The field of driver assistance systems faces new technologies like vehicle-to-x (V2X) communication [1] and cloud services to improve safety on the streets. These upcoming functions carry new possibilities and new challenges as well. Thanks to scaling-up techniques, it is already possible to gather and manage huge amounts of data in the cloud with less time consumption compared to standard systems. This data is suitable to be used for statistics and pattern recognition based functions with time-critical demands.
But beside the development of these functions there is always a need for evaluation to assure correct functionality. Therefore, IAV created a concept to dynamically evaluate cloud-based active safety systems like the wrong-way driver detection function developed by IAV, which is conceived to warn oncoming vehicles on motorways. This goal is achieved with cloud and V2X techniques.
The wrong-way driver warning is a service running on the cloud, which receives V2X messages from vehicles including their positioning data, heading and other information to reference their traces via map matching [2] algorithms. An underlying database compares the data with continuously calculated thresholds to recognize wrong-way drivers and warn others in the surrounding areas via V2X against them. As changing infrastructures like construction sites have an effect on the false-positive rate of the classification, it needs to be dynamically tested if the function is able to react appropriately.
For this reason we propose an approach for an evaluation process based on an integrated self-controlling module.
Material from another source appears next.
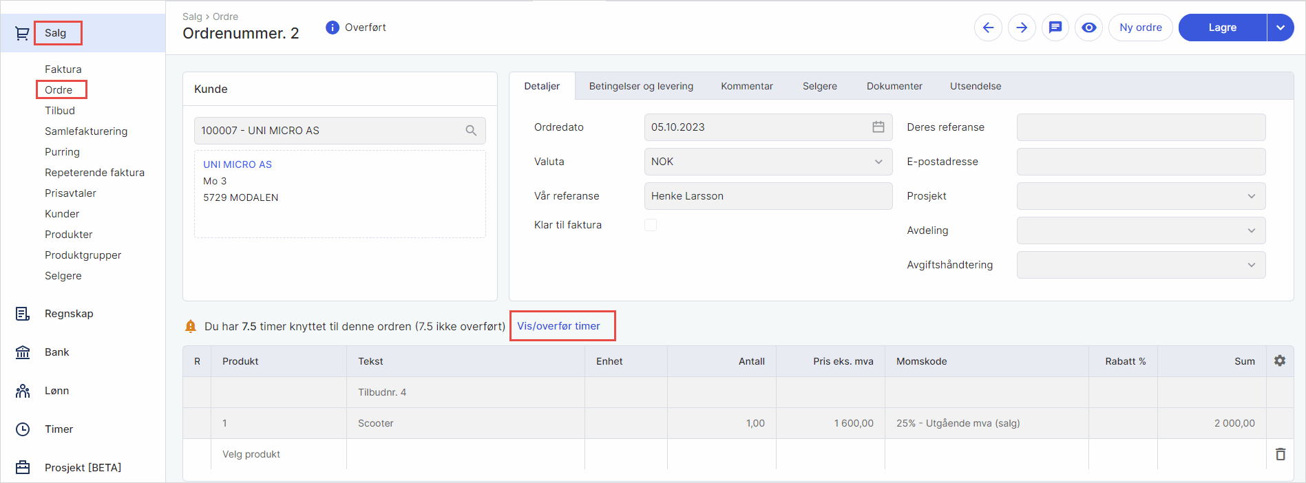 3. Gå til Salg i venstremenyen og velg Ordre. Hent frem ordren du skal overføre timene til. Du åpner ordren og trykker på Vis/overfør timer.

This module notices changes in trajectories which can be caused by changed traffic guidance and adapts the detection parameters. As a result, the following detection should classify the vehicles correctly based on the changed conditions.
The discussed process of the introduced wrong-way driver warning shows an example how a specific cloud- based function can be dynamically evaluated without dependence on the functional logic. Especially functions whose results strongly depend on ever-changing input data need solutions to test their behavior in critical situations. This approach delivers also a possible answer how to implement additional methods to create more flexible and long-term reliable cloud-based active safety systems.